We have been making one-of-a-kind leather items for the last 15 years, travelling the world far and wide to source top-quality leather for each and every handcrafted wallet, travel bag, briefcase, backpack and fashion item. GQ chatted to our very own man behind the brand Bernard Bultemeier, to learn more about what it takes to build such a successful company.

GQ: How did your entrepreneurial journey begin?

BB: After completing a diploma in Marketing and Sales at the Witwatersrand Technikon, Johannesburg, I began working as a salesman before a friend gave me an opportunity to buy a shoe factory. Six months later, I was miserable and dissatisfied.

GQ: How did you turn it all around?

BB: The business was barely reaching its overheads because we were selling shoes at such low prices. I noticed that the people who sold leather jackets across us at one of our stands at Rand show used to sell one leather jacket for R800, for every shoe we sold. So I realised that leather jackets had a better return and that that was the business I should be in.
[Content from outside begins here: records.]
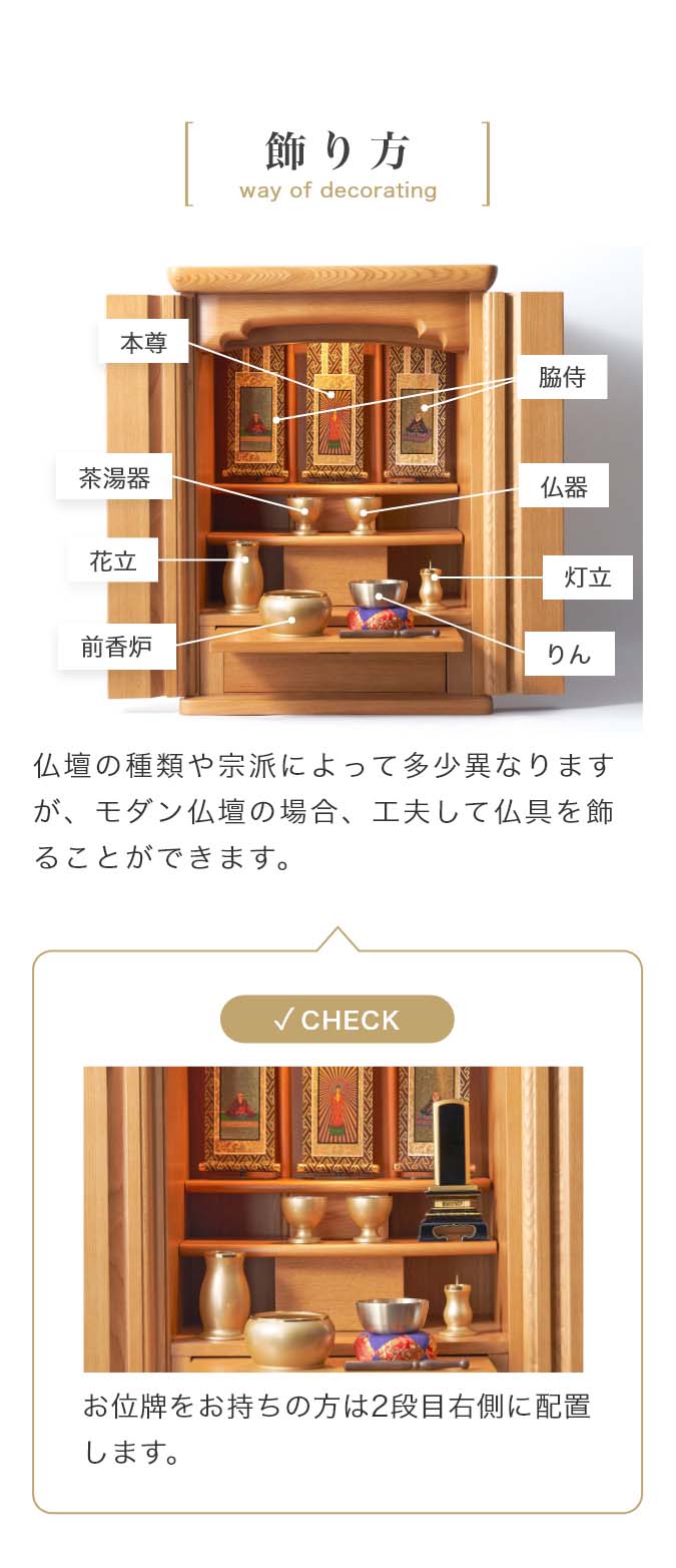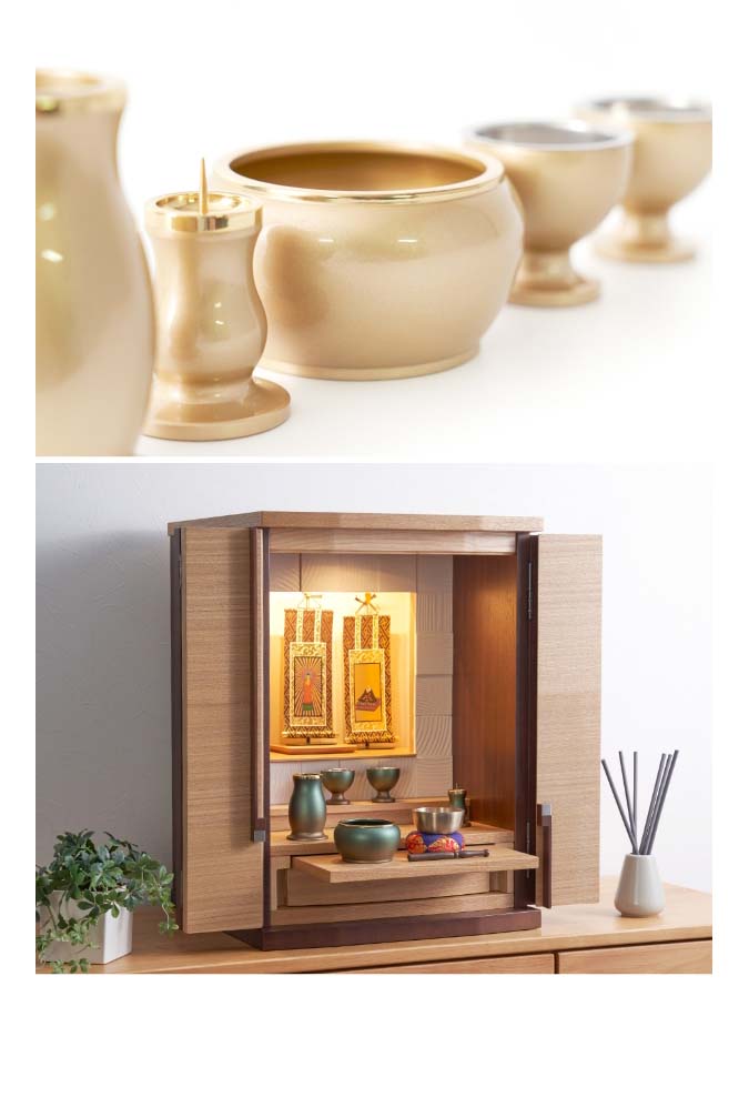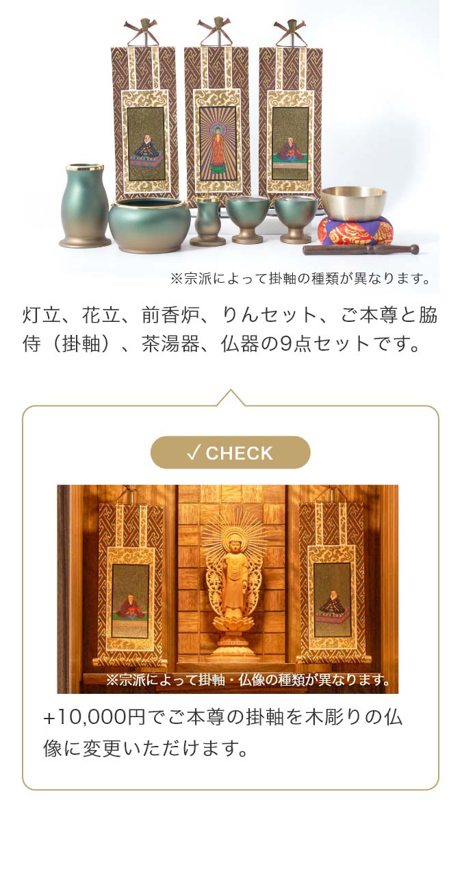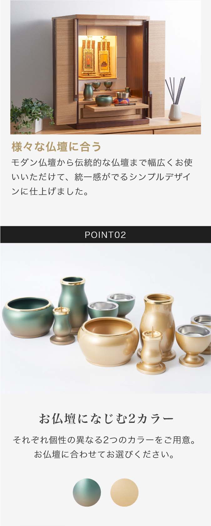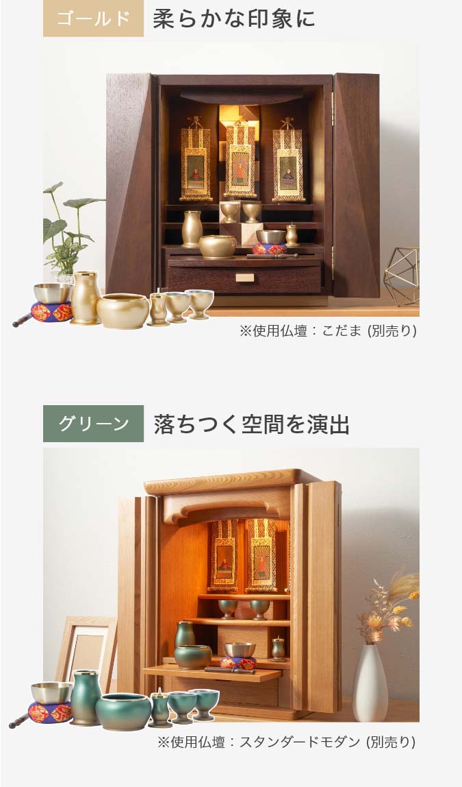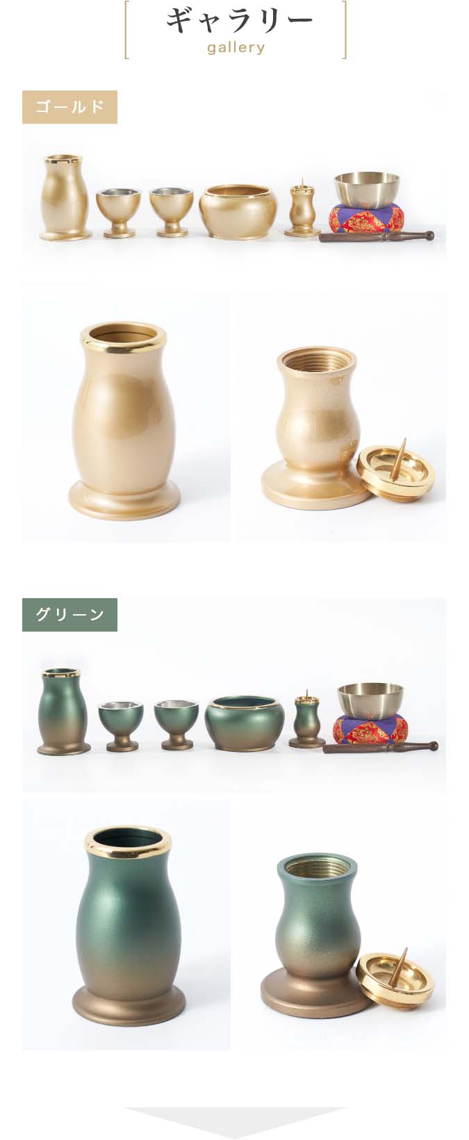 エール洋りん9点セットを購入。シックなグリーンで茶色の仏壇にとてもマッチしております。掛軸を仏像に変更しました。購入して良かったです。
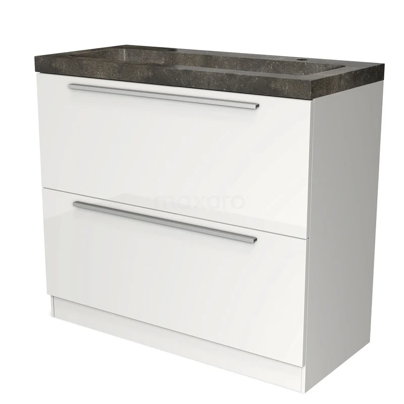 Modulo Waschtische | 100 cm Hochglanz Weiß Flach front Naturstein 2 hohe Schubladen übereinanderliegend
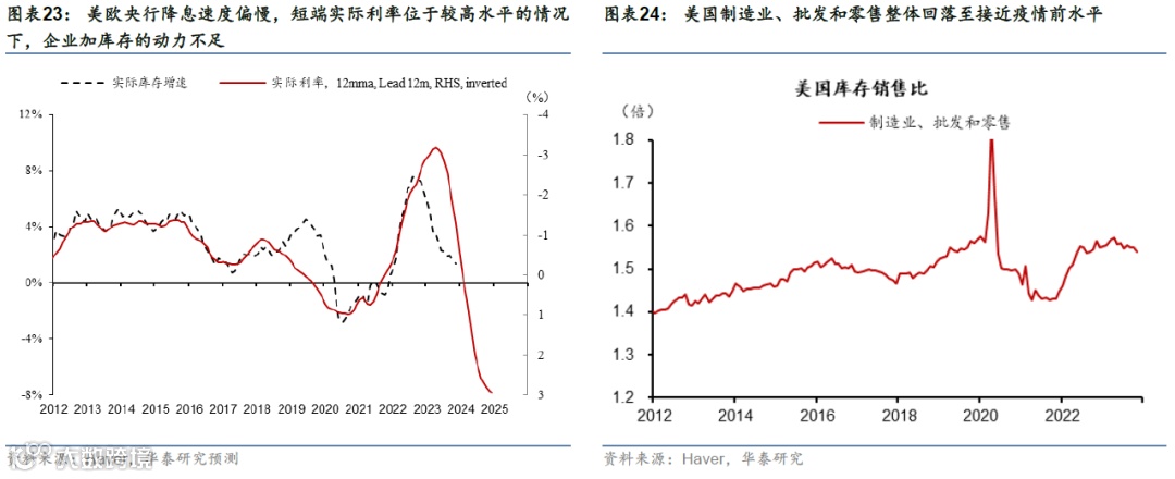 首先,当前实际利率的绝对水平仍然偏高。尽管降息周期可能开启,但经济韧性较强或导致美欧降息速度偏慢,从而使得短期政策利率回落较慢。此外,通胀回落推高实际利率,抑制企业加库存。
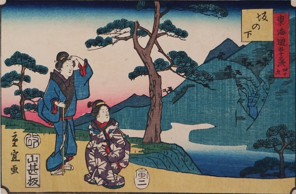 二代歌川廣重 1854 由於自坂之下驛站前往土山驛站之路必經鈴鹿山脊,因此描繪了巍峨聳矗之岩山。此畫作中之兩位女性正享受欣賞鈴鹿山脊之絕美景色。
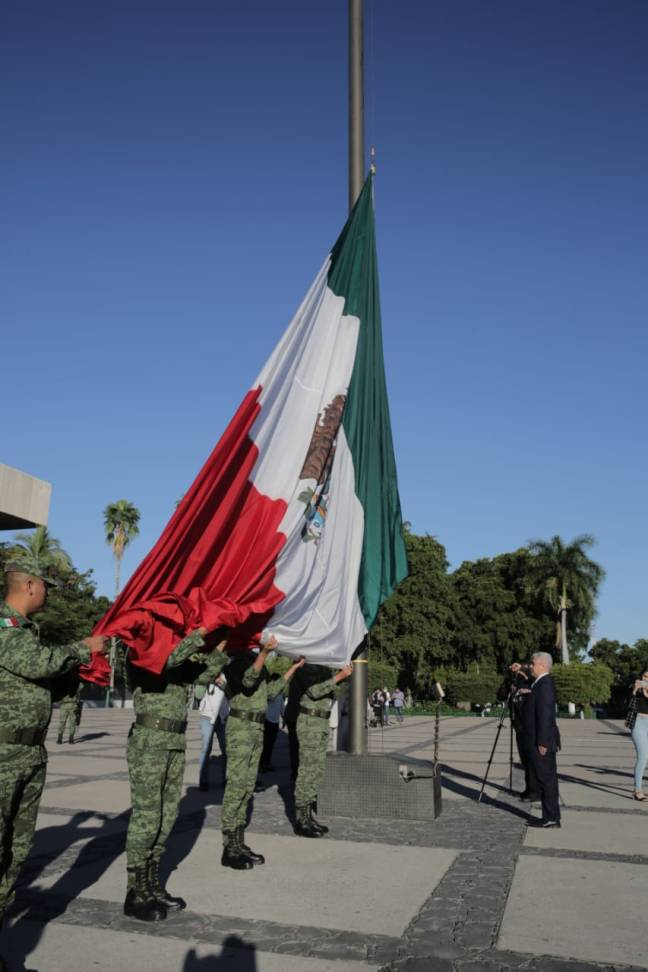 Correspondió al secretario de Seguridad Pública, Cristóbal Castañeda Camarillo, con la representación del Poder Ejecutivo, izar el lábaro patrio, en compañía de la diputada Gloria Himelda Félix Niebla, presidenta de la Mesa Directiva del Congreso del Estado; del Omar Jesús Abitia Salazar, magistrado del Supremo Tribunal de Justicia; y del secretario de Seguridad Pública y Tránsito Municipal, Oscar Guinto Marmolejo.
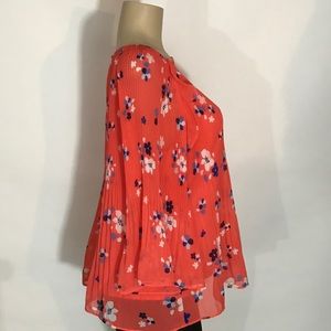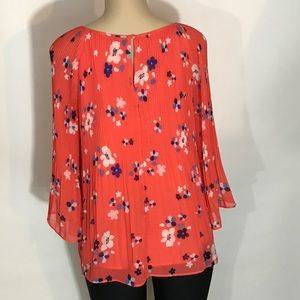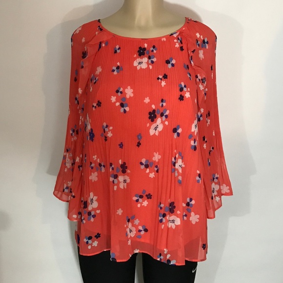 Orange floral blouse, size: pl, materials: shell 100% polyester, lining 100% polyester, condition: preowned.
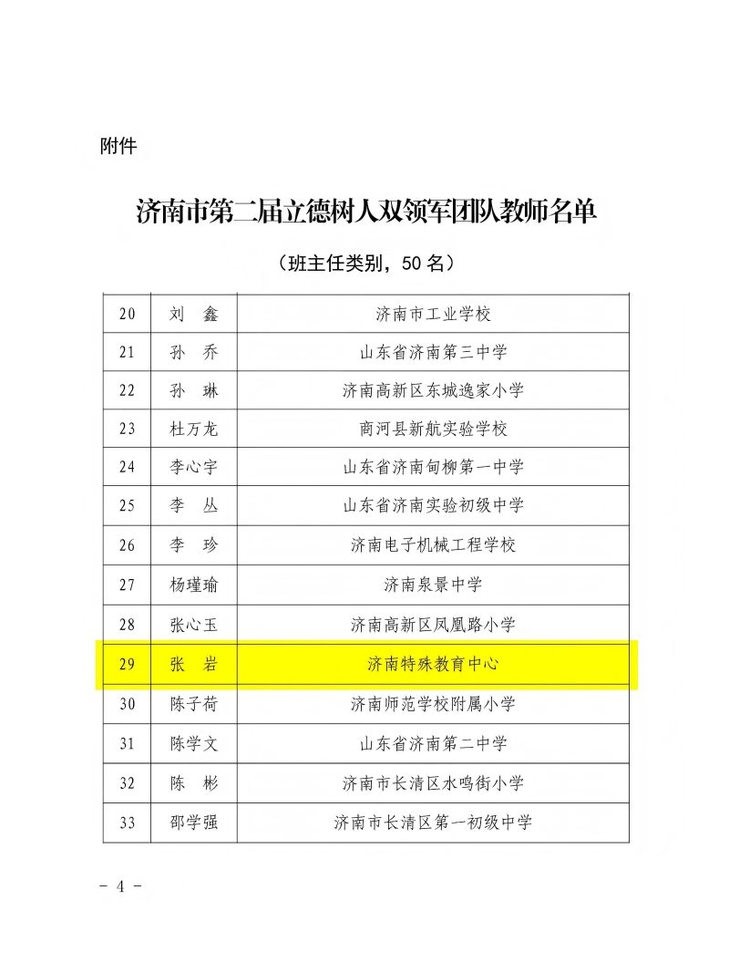 近日,济南市教育局公布济南市第二届立德树人双领军教师名单,经考核认定,共确立100名教师为济南市第二届立德树人双领军教师,济南特殊教育中心张岩、王萍两位教师凭借扎实的专业素养和突出的育人成效获此殊荣,充分展现了学校在教师队伍建设和立德树人工作中的显著成果。
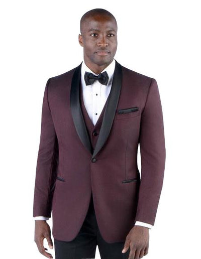1 Button Suit Shawl Lapel One Chest Pocket Flap Front Pockets Slim Fit Color: Burgundy ~ Maroon SKU#JS317
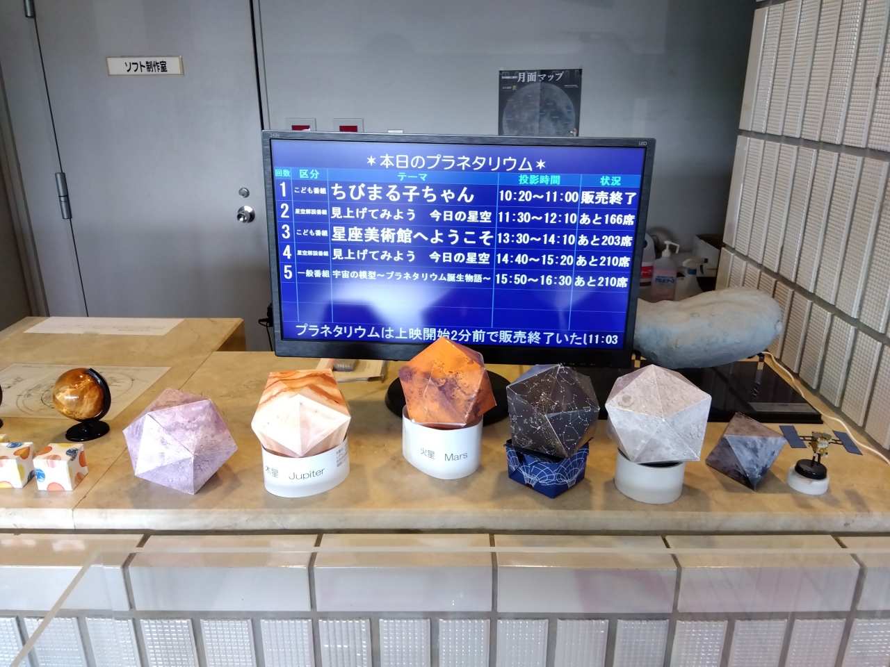 また、1Fにはメインのプラネタリウムがあり、1時間半ぐらいあれば回れるかと思いますので、時間を調整して予約するのが良いかと思います。
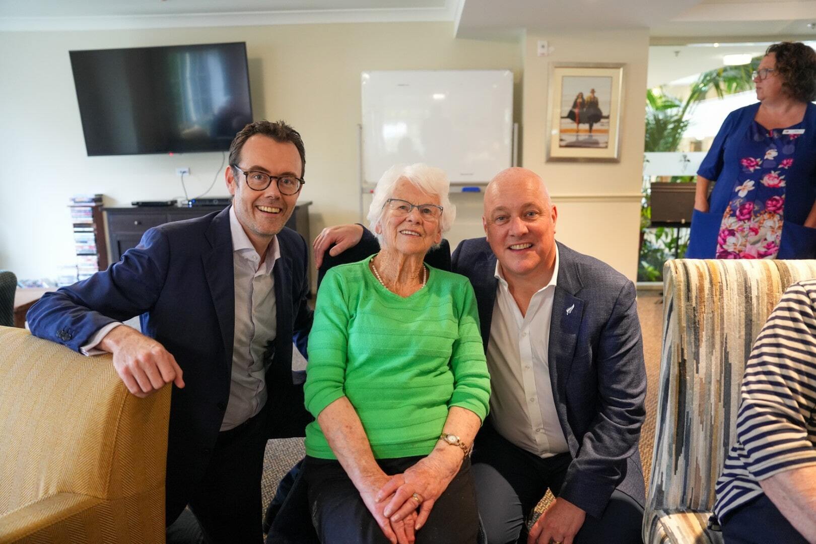 Finally, the Prime Minister made time for a photo with resident Donna Ward-Brinsdon. The 99-year-old has loyally supported the National party since 1948.
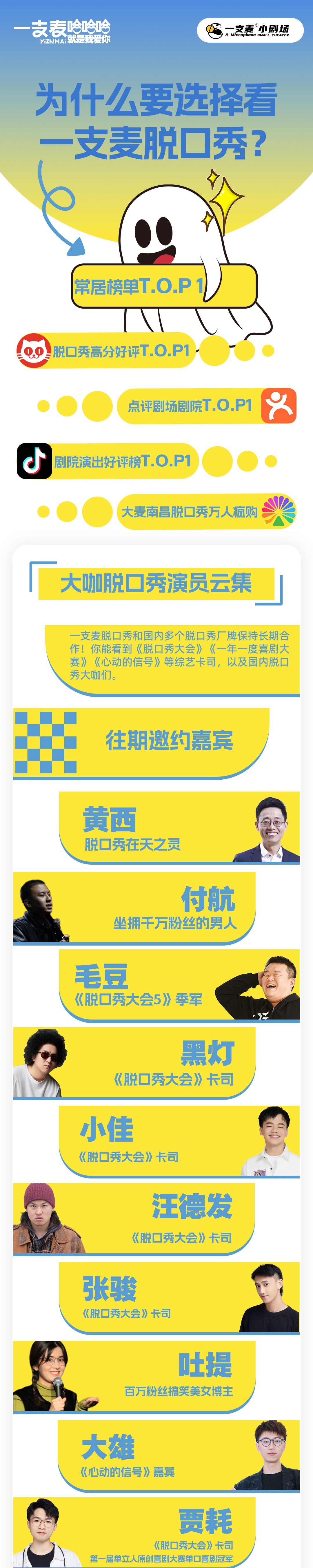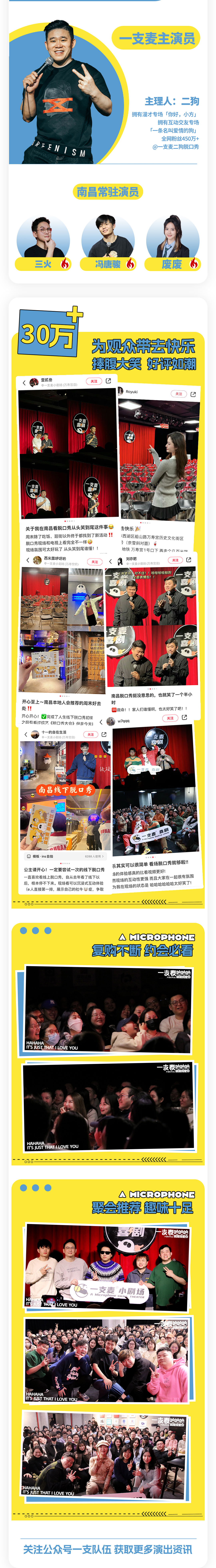 - 一支麦成立于2018年,其小剧场于2021年正式开业,致力于打造年轻人更喜欢的城市文娱新空间。目前主营单口喜剧、脱口秀、漫才、即兴喜剧以及近景魔术等商业演出,是一支麦喜剧的常驻场地。

GQ: Since then, you haven’t looked back. Jekyll and Hide has gone from strength to strength, even branching out internationally to London. Tell us how you got to the name 'Jekyll & Hide'?

BB: I was sitting at home struggling to think of a name that wasn’t some lame Italian cliché. I thought ‘Jekyll and Hide’ was original and a good fit, but it actually has no reference to the play as we’ve changed the fonts and spelling [laughs].


GQ: So, has Jekyll and Hide accomplished everything you set out to achieve?

BB: No. It has achieved more. I started the business with the idea of offering small leather items, and never once thought that one day we’d be supplying some of the best-known retailers and chain stores in South Africa.

GQ: As a businessman with over 30 years of experience, what are some of the most important things you’ve learned?


  • Persevere. Running a business is tough, but if you put in the work, it will always be worth it.
  • Don’t be scared to try something new; the bigger the risk, the bigger the reward.
  • Give your customer what they pay for, they’ve worked hard for their money so make sure you give them value for that money.
  • Never compromise on quality.    

GQ: How involved are you in the day-to-day manufacturing and new collection sign-offs?

BB: Very. Which is sometimes tough because I’m only one person, I can't do everything, so I have to trust that my workforce can do their jobs properly. That’s the secret, being able to delegate and having a strong team behind me.

GQ: As a fashion brand, how much attention to you pay to current trends?

BB: We focus less on what everyone else is doing and more on how trends change our consumers’ lives. For example, I wouldn’t have considered making a business backpacks 10 years ago, but nowadays, professionals commute, travel and work out of office all the time, which means they need the convenience and ease of a backpack, which is why we’ve added them to our range.